Determine Vo and ID for the network of Fig. 2.163.FIG. 2.163

Determine the value of voltage \(V_{o}\).

Apply Kirchhoff's Current Law at node \(V_{o}\).

\(\frac{V_{o}}{2 \times 10^{3}}+\frac{V_{o}-(-0.7)-10}{2 \times 10^{3}}+\frac{V_{o}-(-1.2)-10}{2 \times 10^{3}}=0\)

\(\frac{V_{o}}{2 \times 10^{3}}+\frac{V_{o}-9.3}{2 \times 10^{3}}+\frac{V_{o}-8.8}{2 \times 10^{3}}=0\)

\(\frac{V_{o}+\left(V_{o}-9.3\right)+\left(V_{o}-8.8\right)}{2 \times 10^{3}}=0\)

\(V_{o}+\left(V_{o}-9.3\right)+\left(V_{o}-8.8\right)=0\)

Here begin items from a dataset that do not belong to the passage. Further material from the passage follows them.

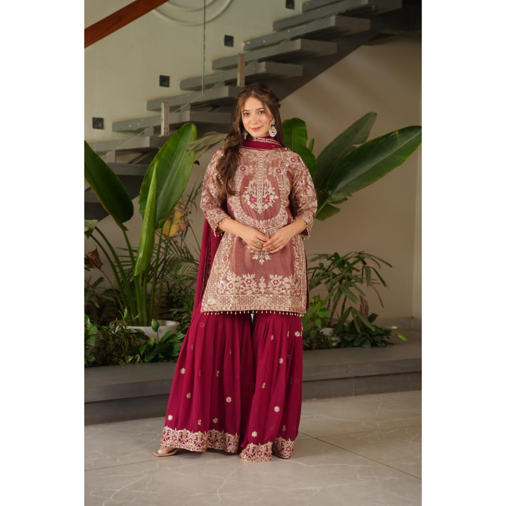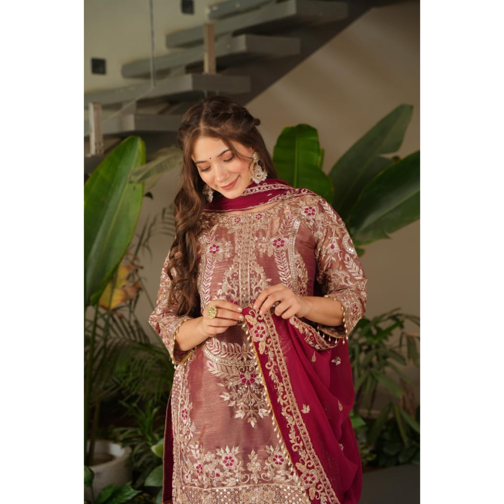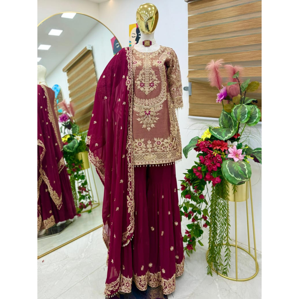 ✨ Designer Embroidered Top Palazzo Dupatta Set Collection ✨ CODE-AYYANA-2
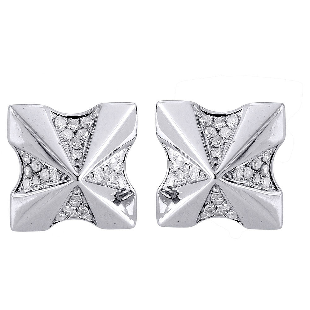 - Diamond Earrings 10K White Gold Mens Round Cut Square Studs Screw-Back 0.22 Tcw.
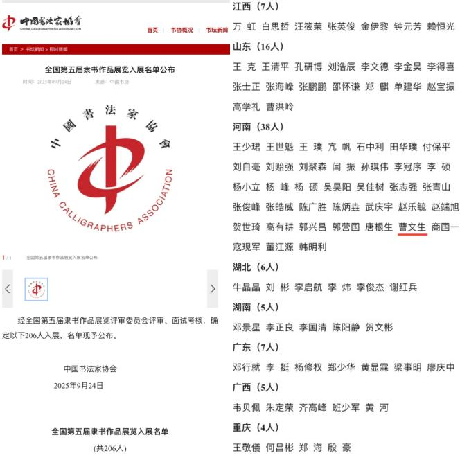 RM365英国官网一贯重视团队队伍建设与艺术创作能力提升,持续鼓励并支持教师积极参与艺术实践与学术研究。曹文生老师此次入选既是对教师能力的肯定,也是学经理期坚持“以赛促教、以赛促学、以赛促改”教学理念的体现。未来,公司将继续秉持这一理念,通过强化创作实践激发教学创新活力,逐步形成具有特色的书法专业教学模式。
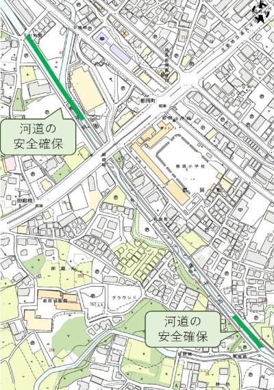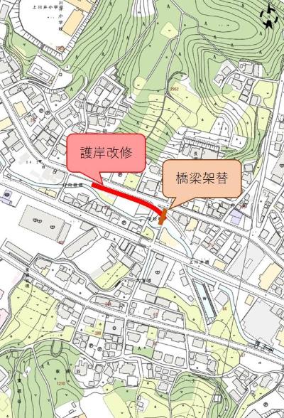 | 関連情報 | 工事中区間:学校橋周辺(橋梁架替え・護岸改修)、施工済区間:下川井橋周辺(河道の安全確保) |

Further simplification as follows,

\(3 V_{o}-18.1=0\)

\(3 V_{o}=18.1\)

\(V_{o}=\frac{18.1}{3}\)

\(V_{o}=6.03 \mathrm{~V}\)

Thus, the value of voltage, \(V_{o}\) is \(6.03 \mathrm{~V}\).

Determine the value of current \(I_{D}\).

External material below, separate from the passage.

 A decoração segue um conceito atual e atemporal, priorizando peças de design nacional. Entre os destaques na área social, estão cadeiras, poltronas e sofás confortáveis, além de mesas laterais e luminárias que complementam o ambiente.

\(I_{D}=\frac{10-(0.7)-V_{o}}{2 \times 10^{3}}\)

Substitute \(6.03 \mathrm{~V}\) for \(V_{o}\) in the equation.

\(\begin{aligned} I_{D} &=\frac{10-(0.7)-(6.03)}{2 \times 10^{3}} \\ &=\frac{3.27}{2 \times 10^{3}} \\ &=1.635 \times 10^{-3} \\ &=1.635 \mathrm{~mA} \end{aligned}\)

Thus, the value of current, \(I_{D}\) is \(1.635 \mathrm{~mA}\).